# Alternate internet supplier...?



## FishBurd27 (Sep 18, 2012)

What other choices do I have than comcast for internet at my house...? I've been going in circles with comcast now for almost 3 weeks becuase there isn't a powerpole with the right connections close enough to my new house. So they supposed to do this and that and so on.. 

I'm about 2 seconds away from telling them to forget, I don't even like them in the first place? Only other thing I've looked into was a hot spot type thing fom verizon but it was super expensive.. 

Thanks! i live in santa fe if that helps anything, i know i cant get fios or uverse.


----------



## grouper150 (Oct 24, 2006)

hot spot on my SamsungS3 thru Verizon is a great back up - or when traveling....but too slow for everyday use...no DSL available thru phone company?


----------



## FishBurd27 (Sep 18, 2012)

grouper150 said:


> hot spot on my SamsungS3 thru Verizon is a great back up - or when traveling....but too slow for everyday use...no DSL available thru phone company?


Phone company... didn't even think about that. (shows my age since we didn't even consider a house phone). But I'll look into that. THanks!


----------



## BlueWaveCapt (Jan 8, 2007)

IMO - there's nothing out there that is comparable for the price and speed of Comcast. I hate them too and dropped their TV services YEARS ago...but I won't cancel the internet (basic connection) service. It's the most reliable and best value I've found.

If you ask me (and hey...you did)...I'd put up with them through the hook-up process and be happy later on that you did.


----------



## FishBurd27 (Sep 18, 2012)

BlueWaveCapt said:


> IMO - there's nothing out there that is comparable for the price and speed of Comcast. I hate them too and dropped their TV services YEARS ago...but I won't cancel the internet (basic connection) service. It's the most reliable and best value I've found.
> 
> If you ask me (and hey...you did)...I'd put up with them through the hook-up process and be happy later on that you did.


Yep.. Hate it, but I'm pretty sure your right on the money. Probably going with directTV and comcast internet.. thanks


----------



## JFolm (Apr 22, 2012)

Do you have timewarner cable in your area?


----------



## millertym_1978 (Apr 13, 2006)

*CLEAR Internet*

http://internet.clear.com/?s_clid=a32cf812ef415bb828addd9a3e5d4b29&gclid=CJLSrpCOjrcCFYU-MgodYnUA6w

Might check out the provider CLEAR Internet 4G. I have some buddies who would be considered gamers and they don't complain about the connection or speed of the service while playing online.

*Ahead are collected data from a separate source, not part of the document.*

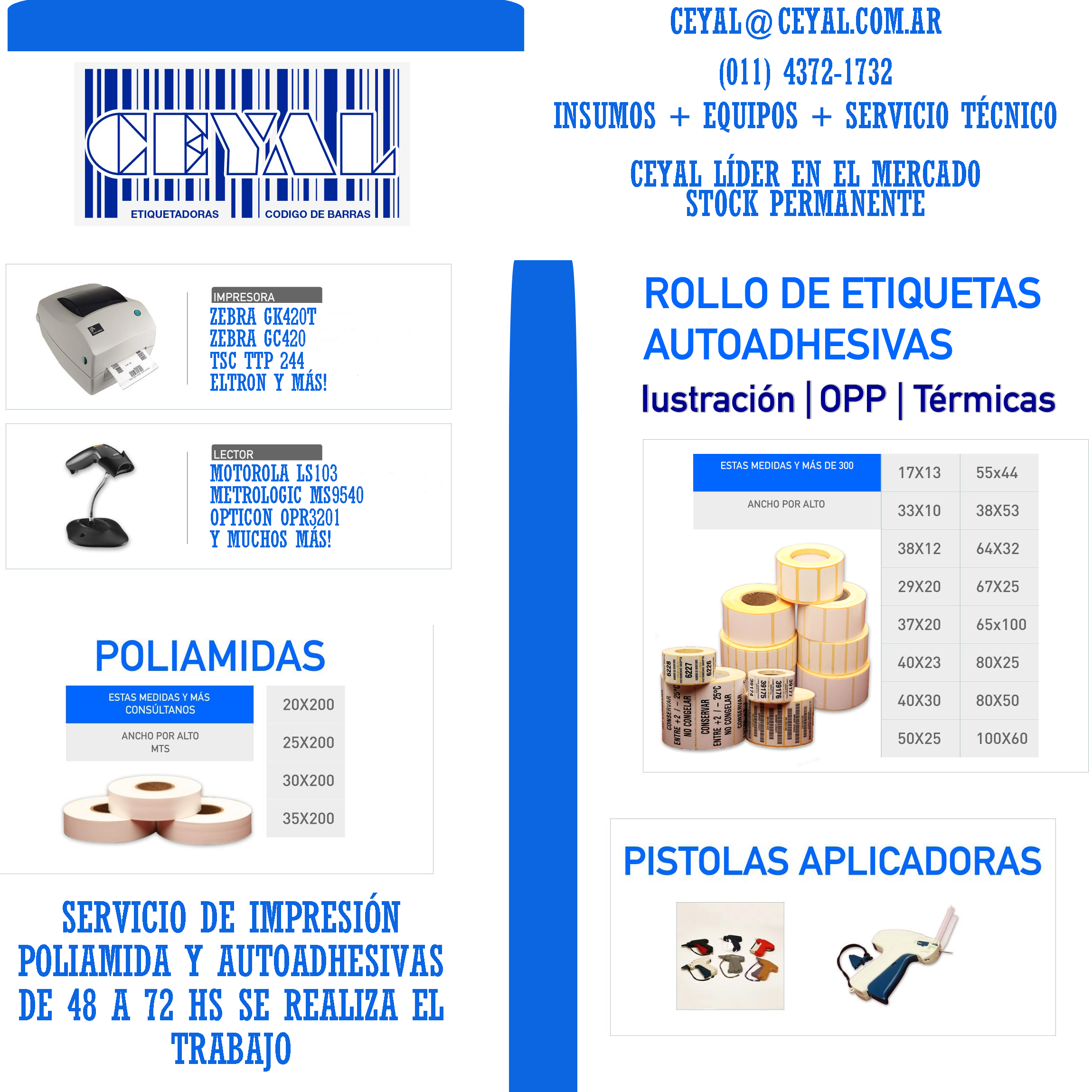 Tambien podes consultarnos por: *Etiquetadora manual, *Dispensadora de etiquetas, *Etiquetadora Opentex, *Sujetadores plasticos, *Pistolas aplicadoras, *Ribbons, *Lectores laser de codigos de barras, *Servicio de impresión, *Servicio tecnico, *Etiquetas autoadhesivas, *Etiquetas de composicion, fasco, poliamida.
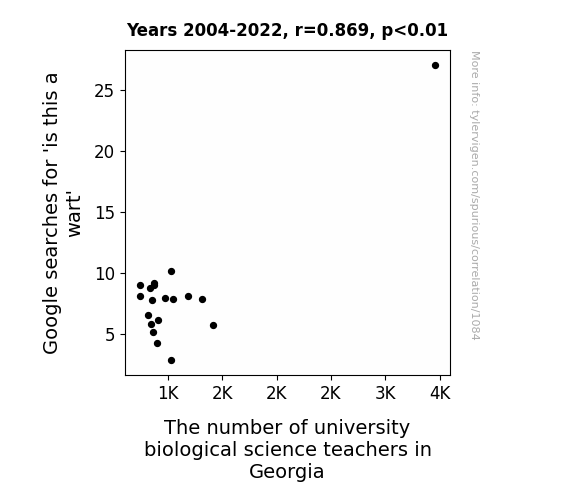 Instead of starting with a hypothesis and testing it, I isntead tossed a bunch of data in a blender to see what correlations would shake out. It’s a dangerous way to go about analysis, because any sufficiently large dataset will yield strong correlations completely at random. - Lack of causal connection: There is probably no direct connection between these variables, despite what the AI says above.
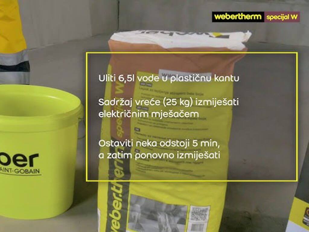- Prije korištenja weber.therm specijal W ljepila za termo fasadne sustave podloga mora biti ravna, čista, čvrsta, suha, bez dijelova koji se odvajaju
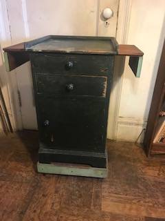 This table is absolutely rock solid, well-designed, and worth preserving. It is painted dark green, but the sliding plank is unfinished (has some water marks) and the base and side panels are light green, the favorite color of FE Bagger. The sliding plank can be removed by unscrewing one of the side panels.
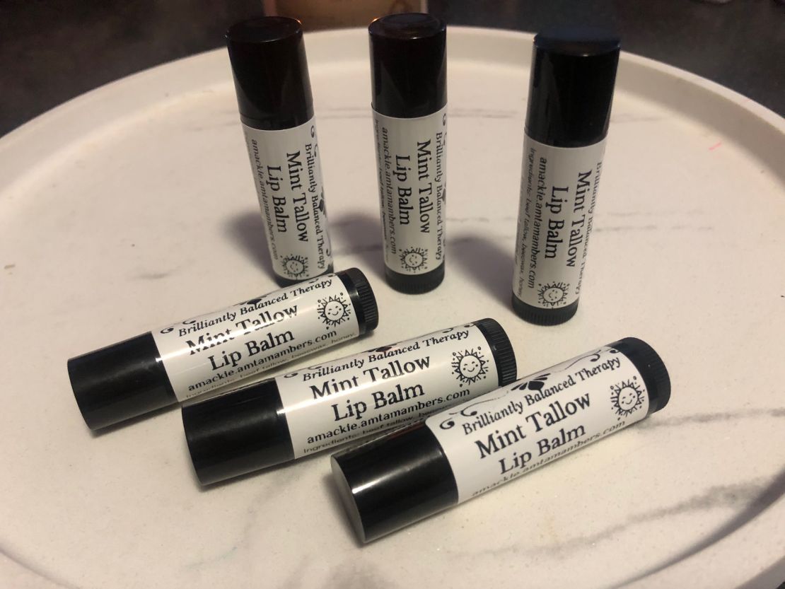 4 simple ingredients...beef tallow, beeswax, honey, peppermint essential oil.
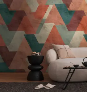 Livingwalls Vinyltapete 398371 – Modernes Grafikdesign in Orange, Grün, Petrol und Rot
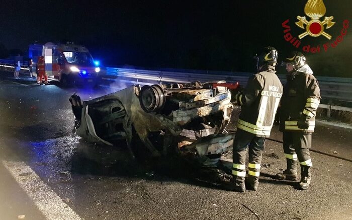 È di sei feriti il bilancio dell’incidente stradale accaduto la scorsa notte intorno alle 3.20 sul raccordo autostradale Chieti-Pescara all’altezza di Dragonara dove, per cause in corso di accertamento un’auto si è ribaltata incendiandosi, e causando poi un incidente che ha coinvolto altre quattro auto. Immediato l’intervento dei sanitari del 118 di Pescara e Chieti, dei vigili del fuoco del personale di Anas e Polizia stradale di Piano D’Orta. Due feriti, un uomo e una donna di 66 anni stati portati all’ospedale di Pescara, gli altri a Chieti. L’uomo ha riportato un trauma cranico e ustioni di primo grado alle mani. Il tratto interessato è rimasto chiuso per due ore e mezzo per permettere il lavoro dei soccorritori.
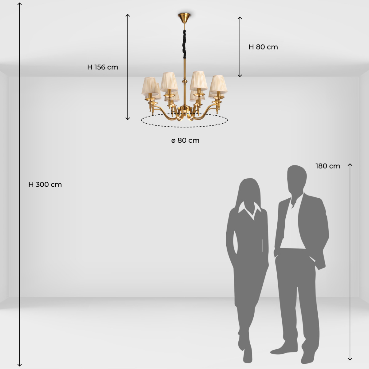 Металлическое основание светильника гальванизировано в цвет медовая бронза. Светильник декорирован текстильными абажурами бежевого цвета.
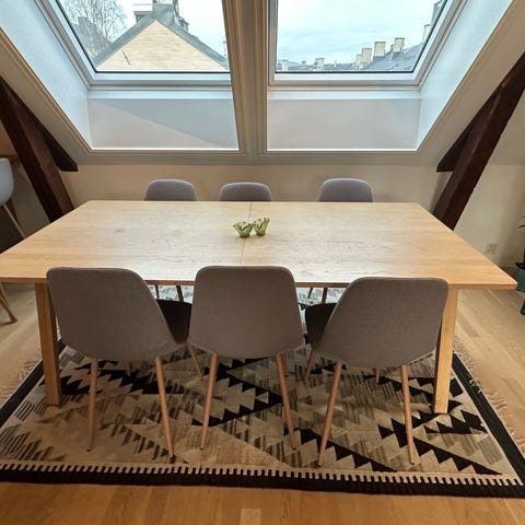 Selges eventuelt med 6 Tossberg stoler. Pris med 6 stoler 3500,-. Hentes før 18.2.
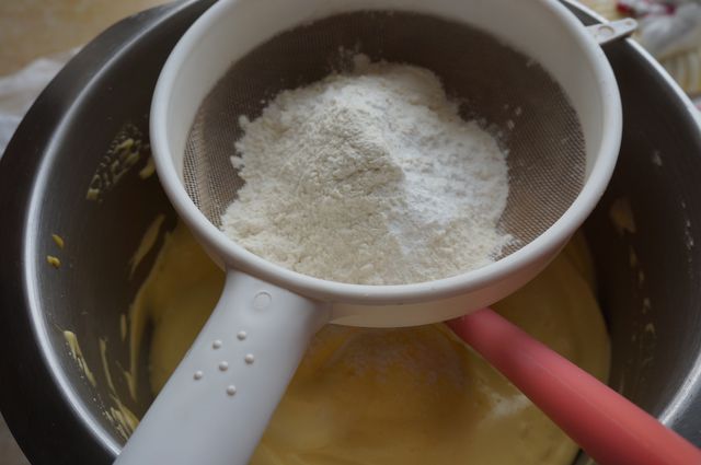 Просеиваем муку, лопаткой снизу вверх, смешиваем с яйцами.

Until we can get CLEAR in our section of Dickinson we are stuck with Comast to


----------



## redexpress (Apr 5, 2010)

We got a package deal for ATT internet & ATT home phone with Direct TV. But, if anybody is worse than dealing with Comcast, it has to be ATT. But it works.


----------



## smokinguntoo (Mar 28, 2012)

I had Comcast for TV and net - 3 months ago I changed to ATT Uverse. No home phone. I like the tv package better but the internet is a little slower. No substitute for cable for data.

When it is down or I'm travelling I tether my phone to my laptop using PDANet. I'm on a 3G cell connection and it is reasonably fast, but I can exceed the max allowable data too. I watched netfilx at the hotel on a golf outting.

If you have 4G and unlimited data you might try tethering and see if it is acceptable. PDAnet also allows for the phone to become a wifi hotspot, but I've never used the function.

Good luck with your choice.

SG2


----------